When you check weather as well on Costa Blanca - it is warmer in the winter then in the other parts of the Spain .
La Zenia Boulevard shopping center is great attraction for tourist that you will rent to.
Rent for tourist in  high season of 2 bed. flat might be around  400 E a week, easy to rented , but in the winter -- Jan/March- might be empty . Have in mind that nowadays,, by the law , you have to register your rental property and pay about 23 % tax.
Good luck , let me know if you have any questions . Cocozen .


----------



## stevesainty (Jan 7, 2011)

The whole Orihuela Costa area, Punta Prima, Playa Flamenca, La Zenia, Cabo Roig, etc. is ideal for a rental property. 

The road links are good and less than a hour to two airports, there is a regular local bus service which has two routes with connections to Torrevieja and therefore access to lots of areas much further afield. 

There are lots and lots of properties for sale and so there are bargains to be had. The area is very multinational throughout the year, even more so in the summer when the Spanish from Madrid, Orihuela, & Elche visit their holiday homes. 

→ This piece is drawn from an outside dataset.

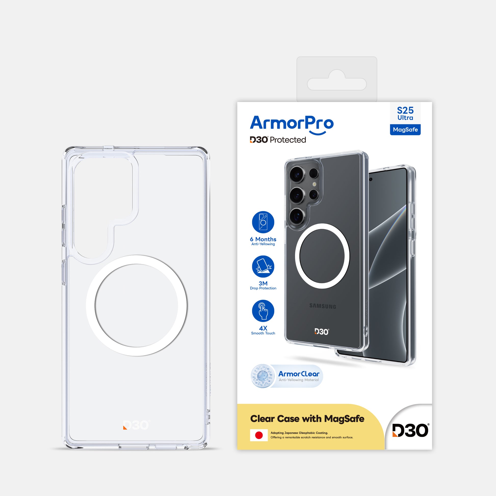 ArmorPro D3O Protected Clear Case with MagSafe White for SamSung S25 Series

The whole area is teaming with bars and restaurants catering for all tastes. 

There are several fantastic, clean, well supervised beaches. There are local coach operators running daily excursions, including nights out in Benidorm returning in the early hours. 

The only downside is that although there is lots of competition the prices in the bars and restaurants are higher than in the non tourist areas a few kilometres inland, but still lots cheaper than UK. 

Also if you live in Orihuela Costa permanently, Orihuela City seems to treat the costa as a poor relation, spending very little on infrastructure even though garnishing a good income from suma and taxes.

You can practice your Spanish there but in all honesty you hardly ever have to speak anything but English.


----------